T.RTitleUserPersonal
Name
DateLines
191.1TURTLE::STANTue Dec 04 1984 12:202
Can the transformation start out biased and slowly converge to
a fair algorithm? or must it be correct immediately from the start?
191.2TURTLE::GILBERTTue Dec 04 1984 13:066
For the first problem, there is a solution that's 'fair' from the start;
it involves "tossing out" certain substrings.

I have no solution for the second problem; whatever you have would be
appreciated, since a solution implies a way to 'balance' a biased set of
random samplings to produce a truly random number.
191.3ULTRA::HERBISONTue Dec 04 1984 16:2526
If you have a solution to the first problem, it can be applied to the
second problem -- just ignore all tiles with more than one digit on them.

Another way to tackle the problem would be to treat the output from the
urn as three separate streams, as follows.

    I believe that a solution to the first problem is to divide the
    output stream into pairs of digits.  All "0" "0" pairs and "1" "1"
    pairs are tossed out, all "0" "1" pairs produce a "0" output and
    all "1" "0" pairs produce a "1" output.

    Use that same algorithm three times for the second problem;
    once with " 0" " 1" producing "0" and " 1" " 0" producing "1",
    once with "00" "01" producing "0" and "01" "00" producing "1", and
    once with "10" "11" producing "0" and "11" "10" producing "1".
    Each of these three procedures goes on simultaneously -- like
    dividing the input into three streams and combining the output.

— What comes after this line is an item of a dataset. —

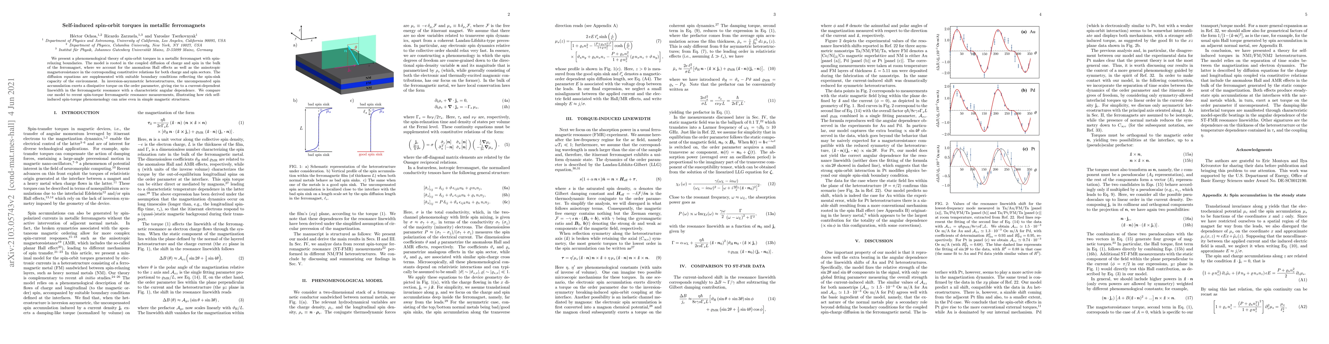 We present a phenomenological theory of spin-orbit torques in a metallic ferromagnet with spin-relaxing boundaries. The model is rooted in the coupled diffusion of charge and spin in the bulk of the ferromagnet, where we account for the anomalous Hall effects as well as the anisotropic magnetoresistance in the corresponding constitutive relations for both charge and spin sectors. The diffusion equations are supplemented with suitable boundary conditions reflecting the spin-sink capacity of the environment. In inversion-asymmetric heterostructures, the uncompensated spin accumulation exerts a dissipative torque on the order parameter, giving rise to a current-dependent linewidth in the ferromagnetic resonance with a characteristic angular dependence. We compare our model to recent spin-torque ferromagnetic resonance measurements, illustrating how rich self-induced spin-torque phenomenology can arise even in simple magnetic structures.

    An input of "1" "00" "00" "10" "0" "11" would produce
    an output of "1" "0". [The "1" gets saved, the "00" gets saved,
    the "00" gets paired with the previous "00" and dropped, the "10"
    gets saved, the "0" gets paired with the "1" and a "1" is output,
    and the "11" gets paired with the "10" and a "0" gets output.]

You could also try a complicated scheme. :-)
						B.J.
191.4ULTRA::HERBISONTue Dec 04 1984 16:3919
Re: .3

The answer seemed to simple.  I now realize that you can only work with
the output stream and can't tell what tiles the digits came from.  This
means that my solution in .3 does not apply and the problem gets harder.


OK, how about this:  From the stream of output, throw away the digits
in the even positions, this eliminates any special relationships between
any adjacent pairs of digits in the series.

After some initial segment of the series, the probability of a digit
being a "1" is the same as the probability that a particular digit on
a tile is a "1".  [A tile with "00" on it counts as 2 zeros, "01" is one
zero and a one, "1" is a one, etc.]

This means that you can use the same method that you used in the first
problem and get a random series.
						B.J.
191.5TURTLE::GILBERTTue Dec 04 1984 17:474
Thanks, that's for what I was looking (hanging prepositions are something
up with which I will not put).

Does dropping every other digit really make the now adjacent digits independent?
191.6RANI::LEICHTERJFri Dec 07 1984 01:0446
Throwing away every other digit does NOT make the adjacent digits independent.
Suppose the pot contains 1/3 "0" tiles, 2/3 "10" tiles.  The initial string
then has 2/3rd's 0's, 1/3rd 1's.  Throwing out every other digit has no
effect on this distribution.  (Suppose it did.  Let the original sequence be
S, the Evens, which we kept, E, the Odds, which we discarded, O; S=E U O.
It's clear from the symmetry of the situation that E and O must have the same
distribution of 0's and 1's.  That distribution is hence the same as S's.)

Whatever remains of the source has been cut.